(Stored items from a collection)
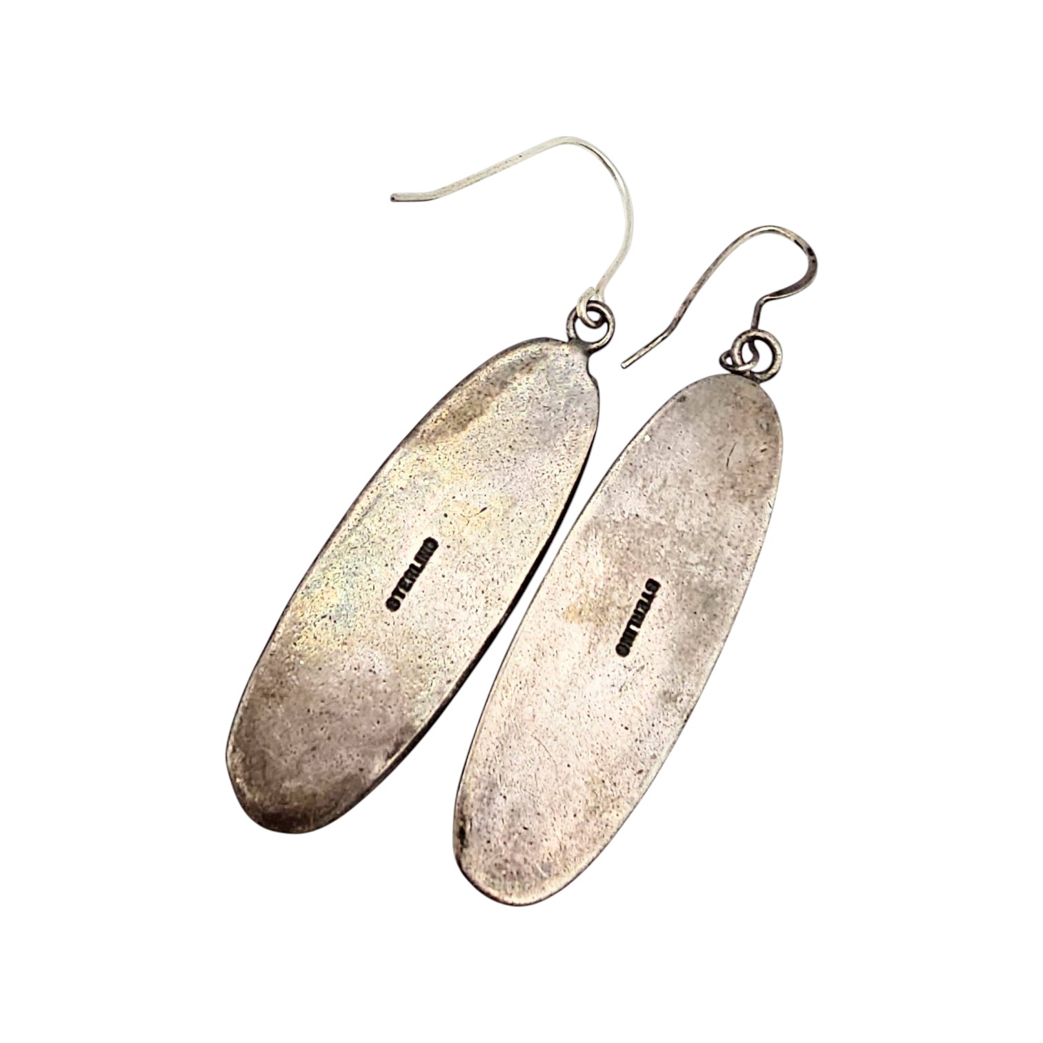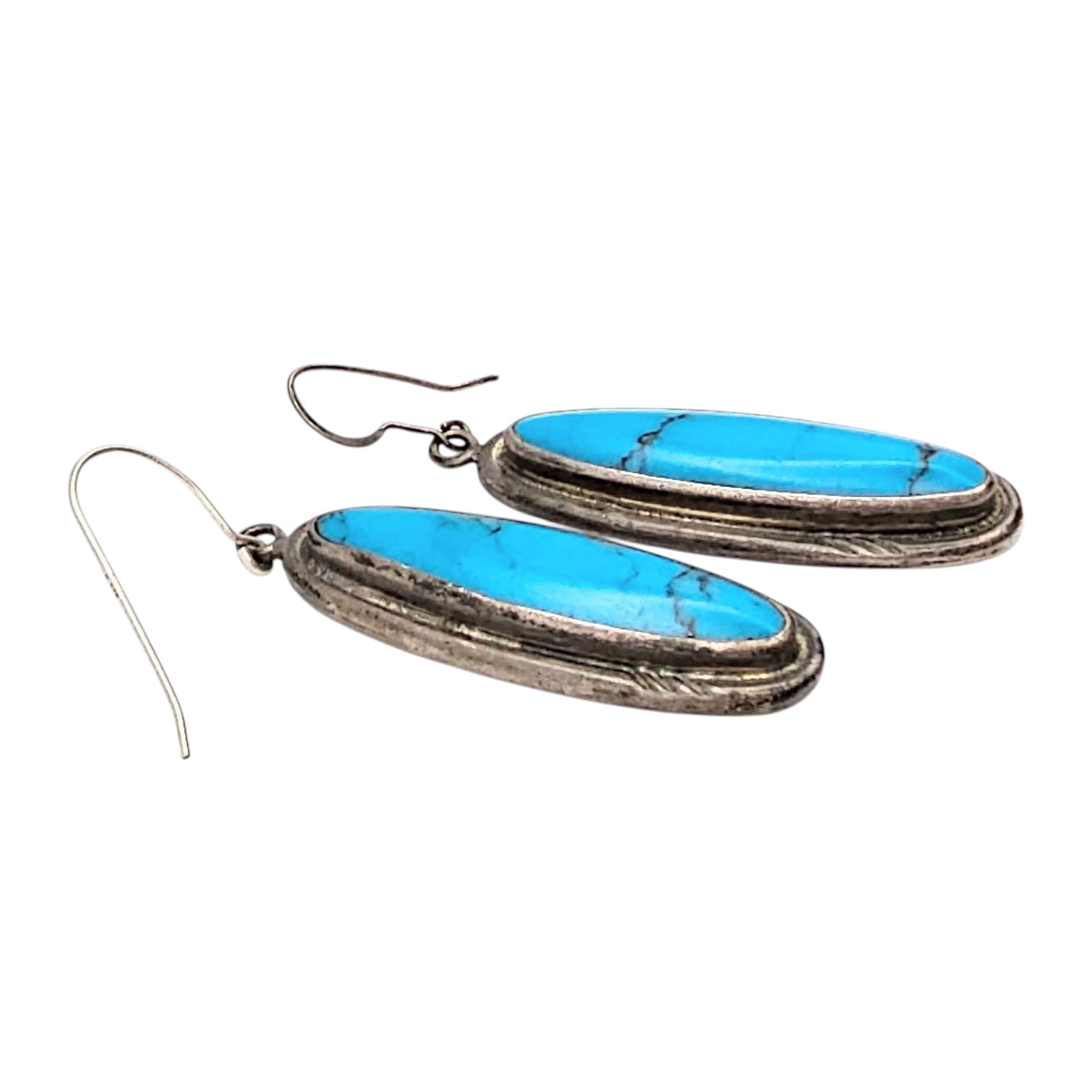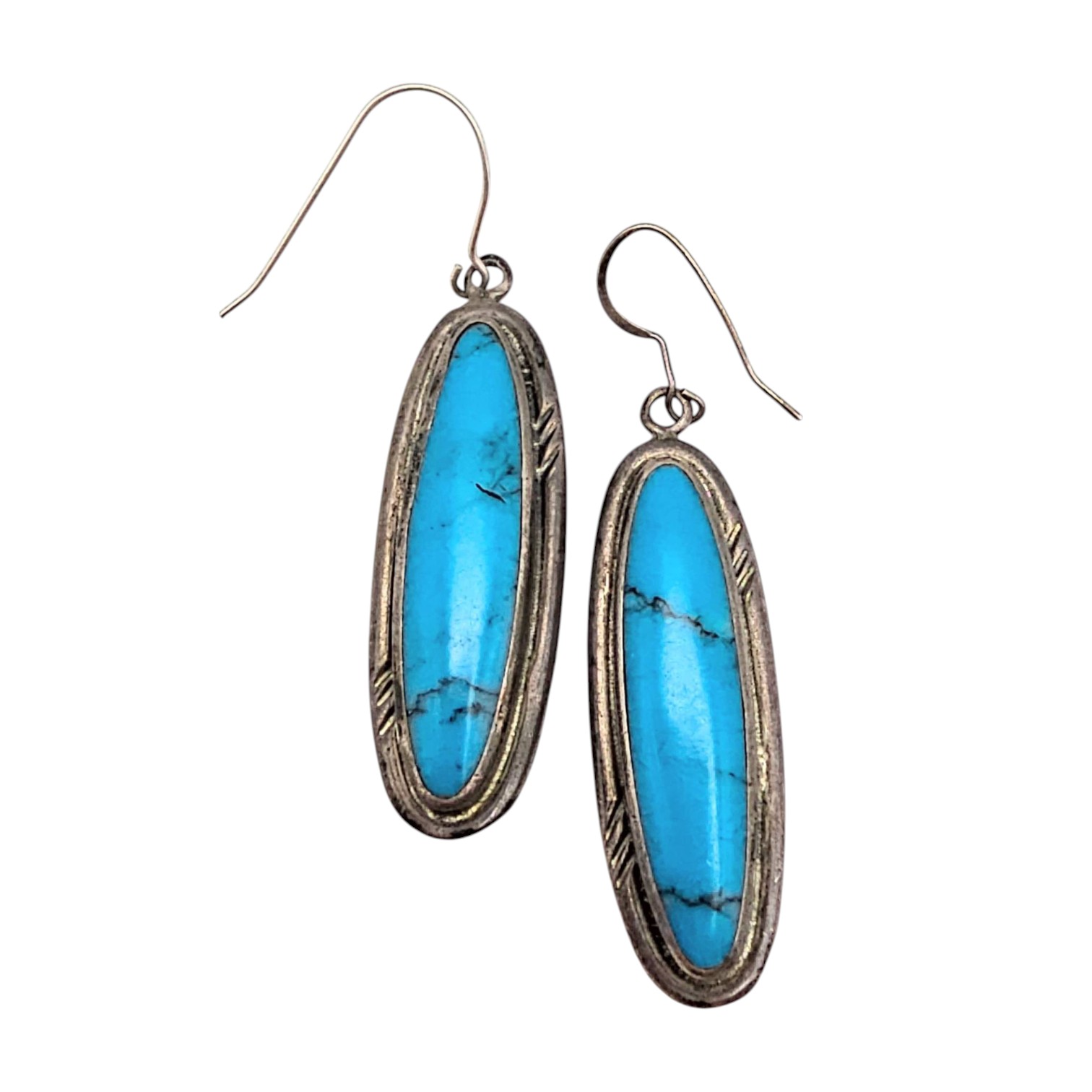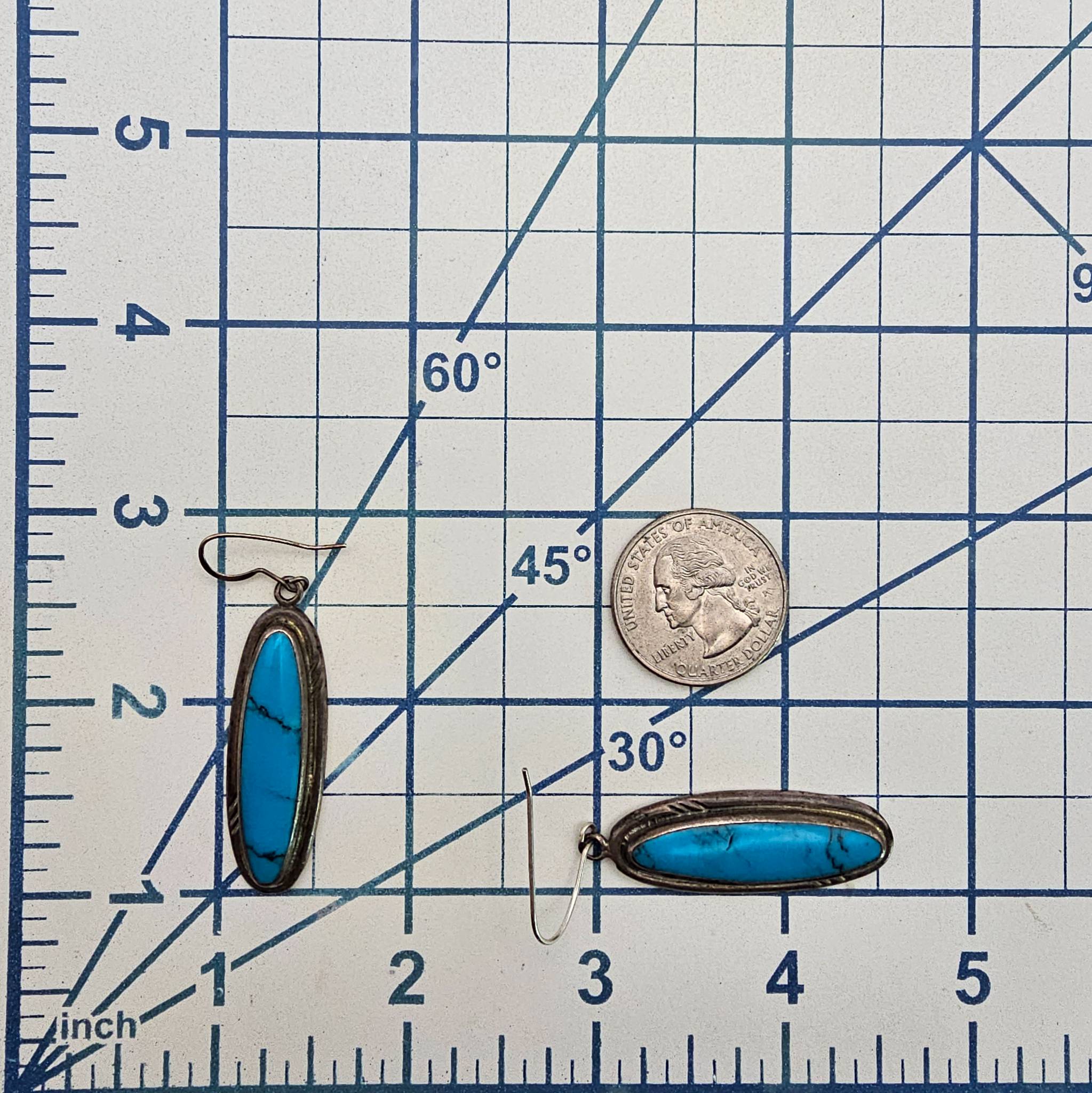 Native handcrafted drop earrings featuring turquoise gemstones set in sterling silver. The earrings are adorned with elegant bezel settings and intricate etched details. Stamped ‘STERLING’ on the back. Total weight is 15.4 grams. Approximate dimensions can be inferred from the coin and grid for reference.
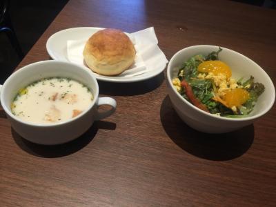 ランチにはサラダ、パン、スープ、ソフトドリンクが付きます。
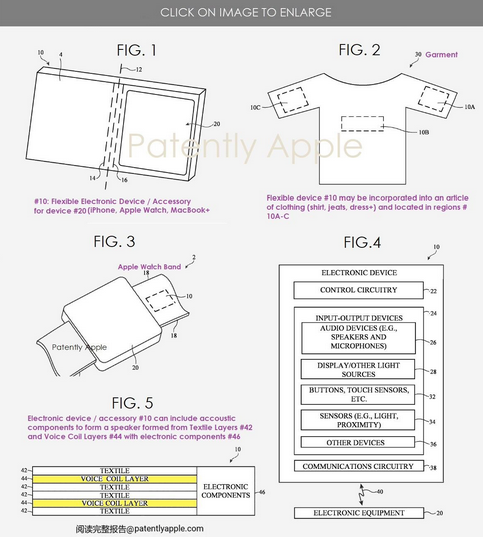 根據(jù)專利描述,通過在織物中嵌入聲學(xué)組件(例如揚聲器)和發(fā)光組件(例如屏幕和其他組件),從而進一步擴展電子設(shè)備的應(yīng)用范圍。
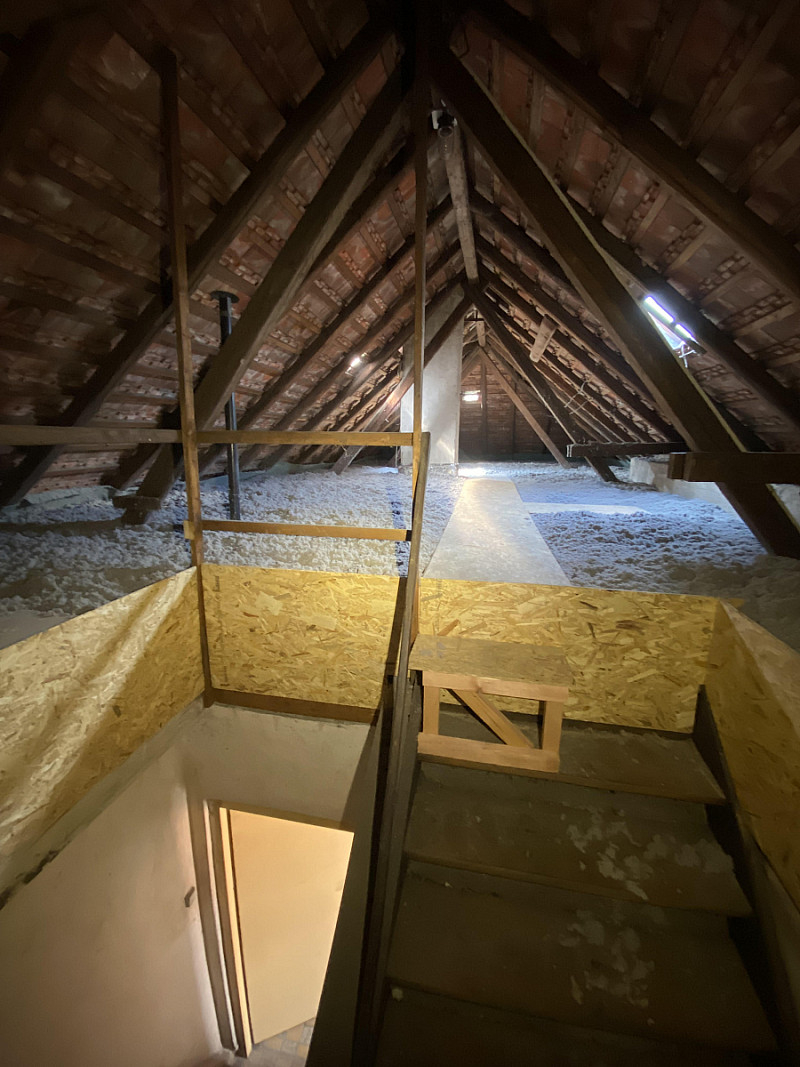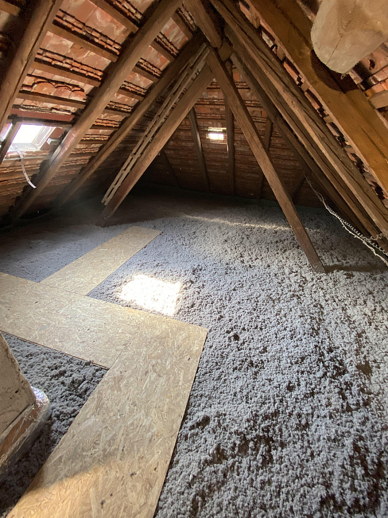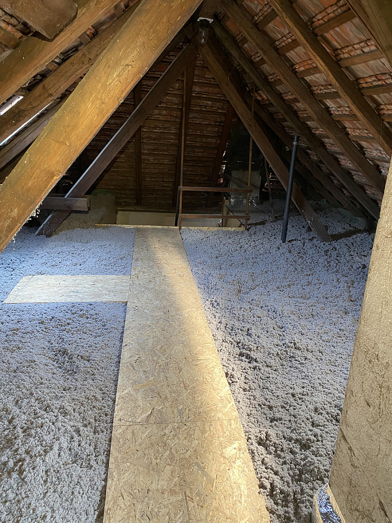 Tento dům měl kvůli absenci izolace stropů v zimním období problémy s plísněmi a vlhkostí, to vše díky tepelným mostům. Obrovský únik tepla byla jen třešnička na dortu. Nyní majitelé ušetří za plyn a ještě se zlepší komfort v podkroví. Při realizaci bylo zjištěno, že na 3 místech chybí střešní tašky, tak jsme je dodali, aby nikam nezatékalo. Vše bylo hotovo za 7 hodin vč. pochozí lávky.
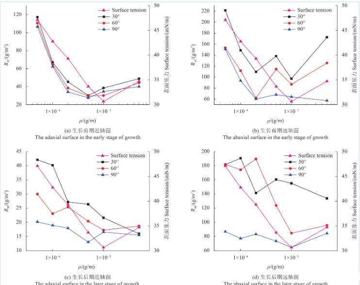 圖6為不同濃度SilwetL-77溶液在蘋果葉片近、遠(yuǎn)軸面的Rm變化規(guī)律。由圖可知,當(dāng)溶液質(zhì)量濃度低于cmc時(shí),蘋果葉片生長(zhǎng)前、后期遠(yuǎn)軸面的Rm值和表面張力均隨溶液質(zhì)量濃度的降低而減小。此外,蘋果葉片生長(zhǎng)后期近軸面只有在30°傾角時(shí)的Rm值與表面張力隨溶液質(zhì)量濃度的提高而減小,60°傾角和90°傾角時(shí)Rm值隨溶液濃度變化不大。蘋果葉片生長(zhǎng)后期遠(yuǎn)軸面Rm值和表面張力隨溶液濃度的變化與生長(zhǎng)前期基本一致。
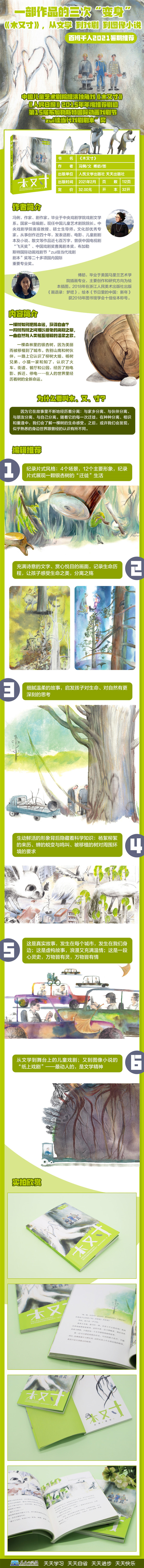一段树与树之间难以避免的离别之旅,一曲自然与人类相互理解的温柔之歌。 一棵森林里的银杏树,因为美丽而被移植到了城市。告别山鹰和树伙伴,一路上它认识了柳树大姐、杨树兄弟、小猫一家和知了,认识了火车、街道、餐厅和公园,经历了拍电影、拆迁、停电……在人的世界里经历着树的全新命运。 为什么要叫“木、又、寸”呢?因为它在故事里不断地经历着分离:与家乡分离、与伙伴分离、与朋友分离、与自己分离。随着她的每一次迁徙,在种种分离、相识和重逢中,我们会了解一棵树的生命感受。之后,或许我们会发现,似乎熟悉的身边世界跟曾经的认识有所不同。
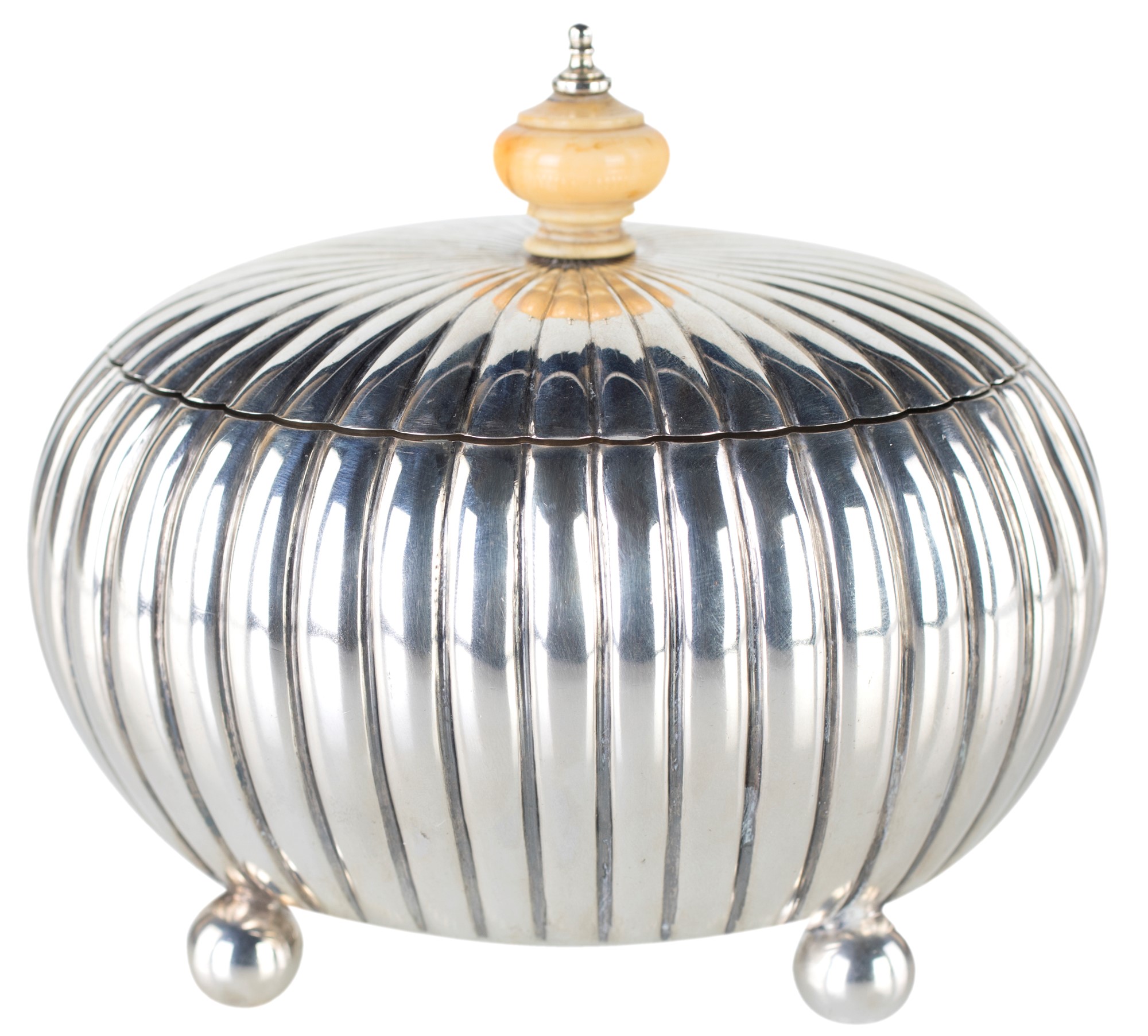 Scatola portagioie in argento, Germania, inizi del XX secolo, argentieri Kooch & Bergfeld di Bremen di forma ovale interamente baccellata; coperchio incernierato sormontato da pinnacolo in avorio, quattro piedi a sfera cm 11x13x9 - gr. 321

Work to be completed:
Your answer must be every record above, word for word, with no pictures.

Answer box:
 Native handcrafted drop earrings featuring turquoise gemstones set in sterling silver. The earrings are adorned with elegant bezel settings and intricate etched details. Stamped ‘STERLING’ on the back. Total weight is 15.4 grams. Approximate dimensions can be inferred from the coin and grid for reference.
 ランチにはサラダ、パン、スープ、ソフトドリンクが付きます。
 根據(jù)專利描述,通過在織物中嵌入聲學(xué)組件(例如揚聲器)和發(fā)光組件(例如屏幕和其他組件),從而進一步擴展電子設(shè)備的應(yīng)用范圍。
 Tento dům měl kvůli absenci izolace stropů v zimním období problémy s plísněmi a vlhkostí, to vše díky tepelným mostům. Obrovský únik tepla byla jen třešnička na dortu. Nyní majitelé ušetří za plyn a ještě se zlepší komfort v podkroví. Při realizaci bylo zjištěno, že na 3 místech chybí střešní tašky, tak jsme je dodali, aby nikam nezatékalo. Vše bylo hotovo za 7 hodin vč. pochozí lávky.
 圖6為不同濃度SilwetL-77溶液在蘋果葉片近、遠(yuǎn)軸面的Rm變化規(guī)律。由圖可知,當(dāng)溶液質(zhì)量濃度低于cmc時(shí),蘋果葉片生長(zhǎng)前、后期遠(yuǎn)軸面的Rm值和表面張力均隨溶液質(zhì)量濃度的降低而減小。此外,蘋果葉片生長(zhǎng)后期近軸面只有在30°傾角時(shí)的Rm值與表面張力隨溶液質(zhì)量濃度的提高而減小,60°傾角和90°傾角時(shí)Rm值隨溶液濃度變化不大。蘋果葉片生長(zhǎng)后期遠(yuǎn)軸面Rm值和表面張力隨溶液濃度的變化與生長(zhǎng)前期基本一致。
一段树与树之间难以避免的离别之旅,一曲自然与人类相互理解的温柔之歌。 一棵森林里的银杏树,因为美丽而被移植到了城市。告别山鹰和树伙伴,一路上它认识了柳树大姐、杨树兄弟、小猫一家和知了,认识了火车、街道、餐厅和公园,经历了拍电影、拆迁、停电……在人的世界里经历着树的全新命运。 为什么要叫“木、又、寸”呢?因为它在故事里不断地经历着分离:与家乡分离、与伙伴分离、与朋友分离、与自己分离。随着她的每一次迁徙,在种种分离、相识和重逢中,我们会了解一棵树的生命感受。之后,或许我们会发现,似乎熟悉的身边世界跟曾经的认识有所不同。
 Scatola portagioie in argento, Germania, inizi del XX secolo, argentieri Kooch & Bergfeld di Bremen di forma ovale interamente baccellata; coperchio incernierato sormontato da pinnacolo in avorio, quattro piedi a sfera cm 11x13x9 - gr. 321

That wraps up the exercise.